▶ _DIRECTIONS_: Repeat the listing below word for word, minus the pictures.

▶ _DATASET EXTRACT_:
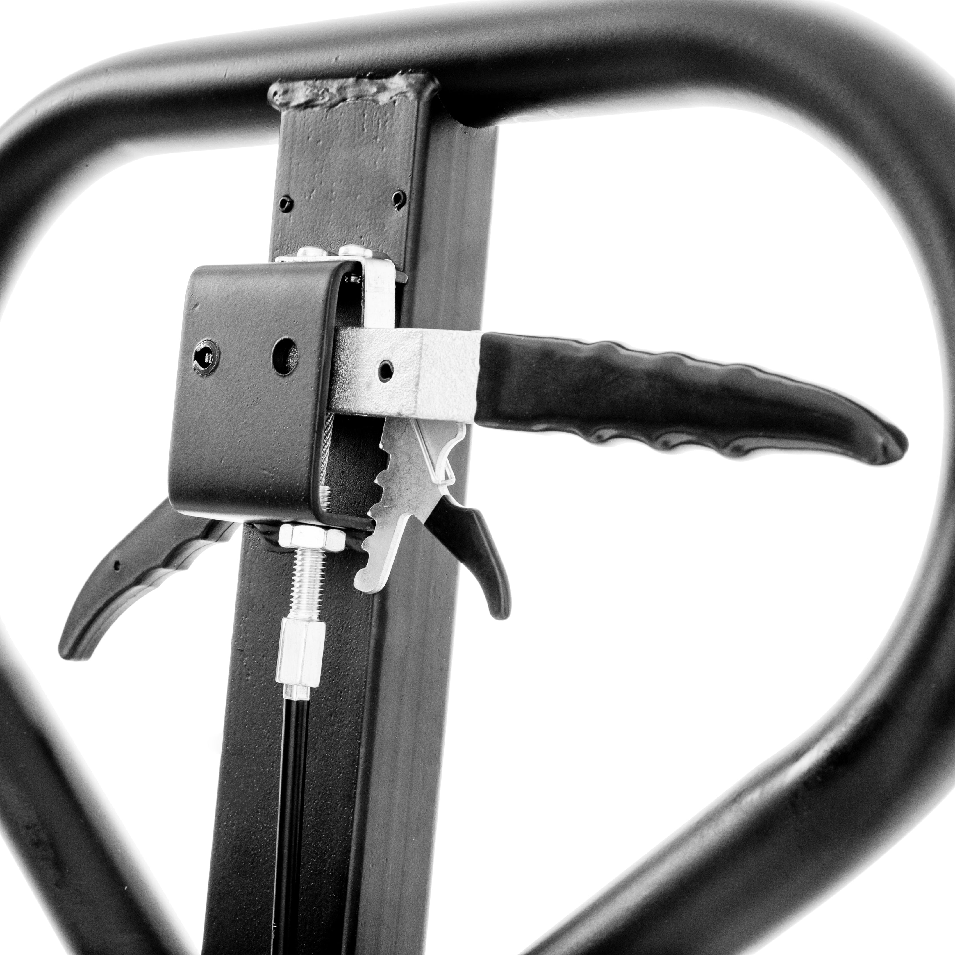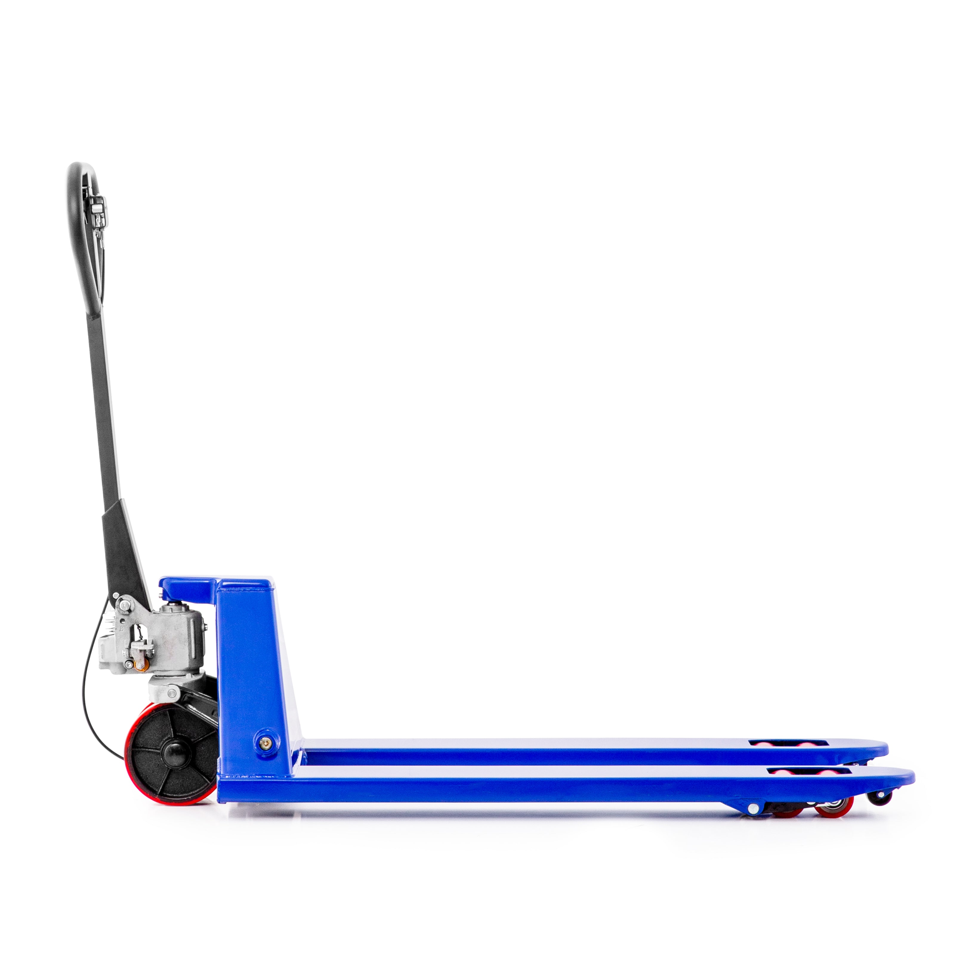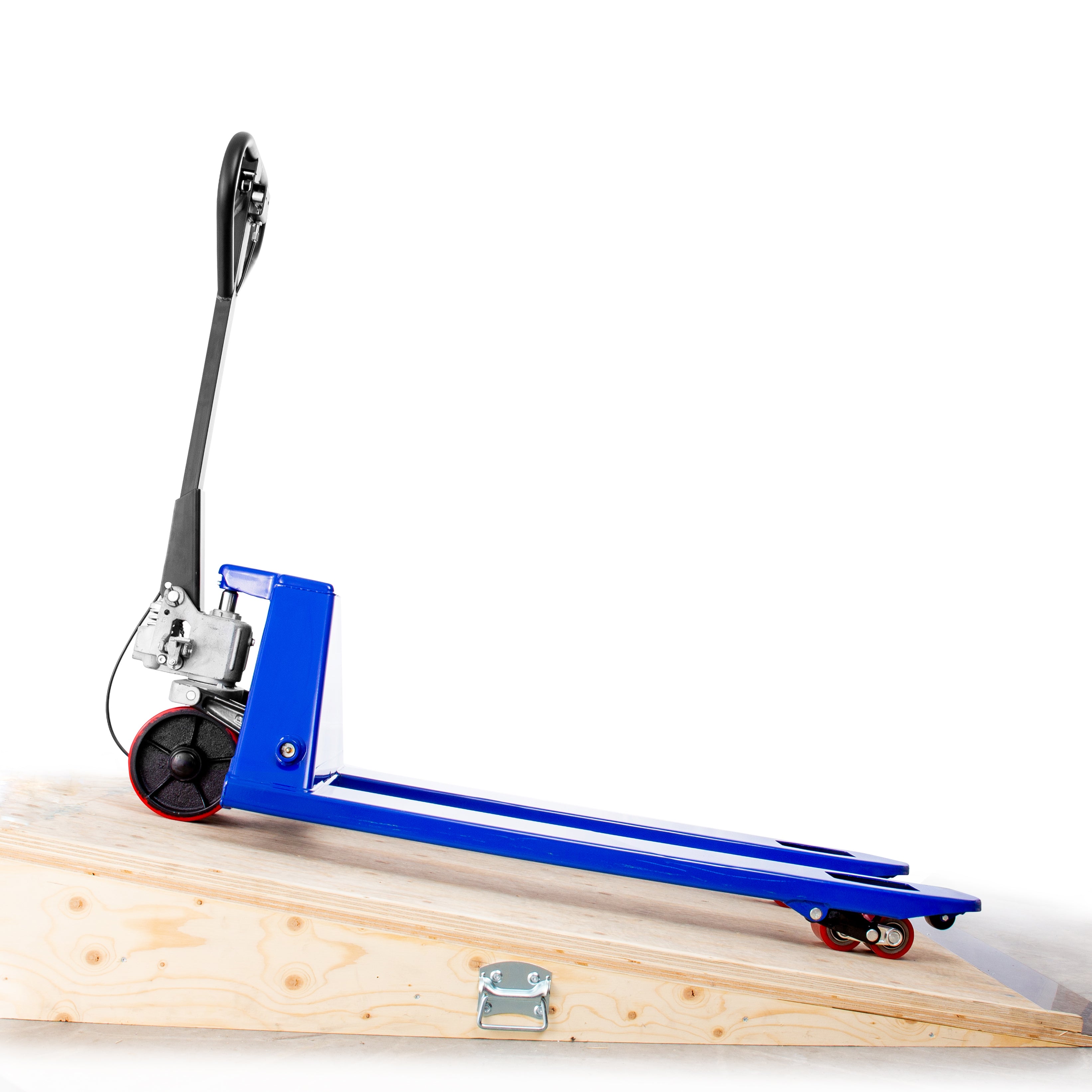 The pallet truck with brake has an integrated drum brake, which is used as a driving or parking brake via the operating lever. This allows you to use it safely on slopes and ramps.
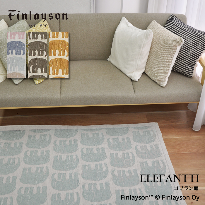Finlayson フィンレイソン ELEFANTTI エレファンティ 玄関マット 50×80cm ベルギー製 ゾウ 北欧 ゴブラン織り 滑り止め 風水
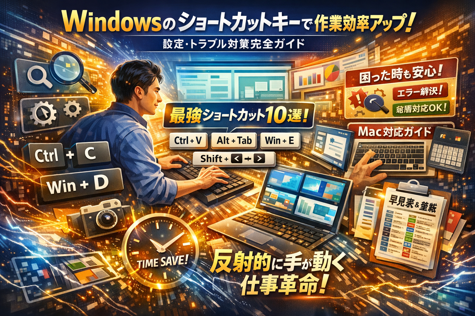 中小企業の支援現場で、Windowsのショートカットキーは「便利そうだけど、誰も使いこなしていない」テーマの代表格です。700社以上を見てきて、Ctrl+CとVだけで毎日を乗り切り、ウィンドウ切り替えやスクショ、検索をすべてマウスで追いかけている方を何度も見てきました。私自身も、複数のPCと回線を使う中で、Windows10と11が混在した環境でショートカットが効かず焦ったり、リモートデスクトップ越しに意図しないウィンドウが動いて作業を壊してしまった経験があります。さらに、社内で作った早見表やPDFが「配っただけ」で終わり、誰の手も動かないまま残業だけ増えていくケースも、支援中の企業で何度も目にしました。この状況を変えるには、一覧を増やすのではなく「最初の10個を、1週間で反射レベルにする」ことからやり直す必要があります。本記事では、2026年の今、現場で本当に使われている組み合わせと運用ルールに絞り込み、「ITが得意ではない人でも、明日から残業時間が目に見えて減る」レベルまで持っていくための道筋を整理しました。
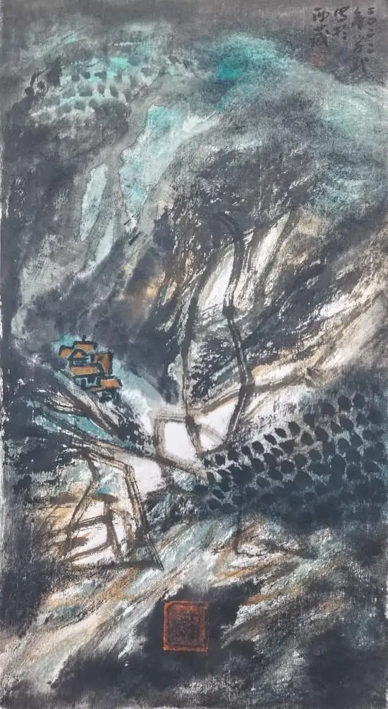 胡学武对草书笔法的创造性运用,展现出对艺术本体规律的深刻洞察。草书线条的连绵性与不可复制性,赋予画面独特的“意象性”与“书写性”。当“拖拉槌砸”的笔触跃然纸上,观者感受到的不仅是山石的形态,更是艺术家创作时的情绪轨迹。这种以笔势贯穿画面的方式,巧妙化解了传统山水画中易出现的琐碎与匠气,使作品在抽象化的同时,依然保持着内在的气韵贯通。如张彦远在《历代名画记》中强调的“骨气形似皆本于立意,而归乎用笔”。胡学武的实践恰是对这一理论的当代演绎。

▶ _RESULT OF THIS TASK_:
 The pallet truck with brake has an integrated drum brake, which is used as a driving or parking brake via the operating lever. This allows you to use it safely on slopes and ramps.
Finlayson フィンレイソン ELEFANTTI エレファンティ 玄関マット 50×80cm ベルギー製 ゾウ 北欧 ゴブラン織り 滑り止め 風水
 中小企業の支援現場で、Windowsのショートカットキーは「便利そうだけど、誰も使いこなしていない」テーマの代表格です。700社以上を見てきて、Ctrl+CとVだけで毎日を乗り切り、ウィンドウ切り替えやスクショ、検索をすべてマウスで追いかけている方を何度も見てきました。私自身も、複数のPCと回線を使う中で、Windows10と11が混在した環境でショートカットが効かず焦ったり、リモートデスクトップ越しに意図しないウィンドウが動いて作業を壊してしまった経験があります。さらに、社内で作った早見表やPDFが「配っただけ」で終わり、誰の手も動かないまま残業だけ増えていくケースも、支援中の企業で何度も目にしました。この状況を変えるには、一覧を増やすのではなく「最初の10個を、1週間で反射レベルにする」ことからやり直す必要があります。本記事では、2026年の今、現場で本当に使われている組み合わせと運用ルールに絞り込み、「ITが得意ではない人でも、明日から残業時間が目に見えて減る」レベルまで持っていくための道筋を整理しました。
 胡学武对草书笔法的创造性运用,展现出对艺术本体规律的深刻洞察。草书线条的连绵性与不可复制性,赋予画面独特的“意象性”与“书写性”。当“拖拉槌砸”的笔触跃然纸上,观者感受到的不仅是山石的形态,更是艺术家创作时的情绪轨迹。这种以笔势贯穿画面的方式,巧妙化解了传统山水画中易出现的琐碎与匠气,使作品在抽象化的同时,依然保持着内在的气韵贯通。如张彦远在《历代名画记》中强调的“骨气形似皆本于立意,而归乎用笔”。胡学武的实践恰是对这一理论的当代演绎。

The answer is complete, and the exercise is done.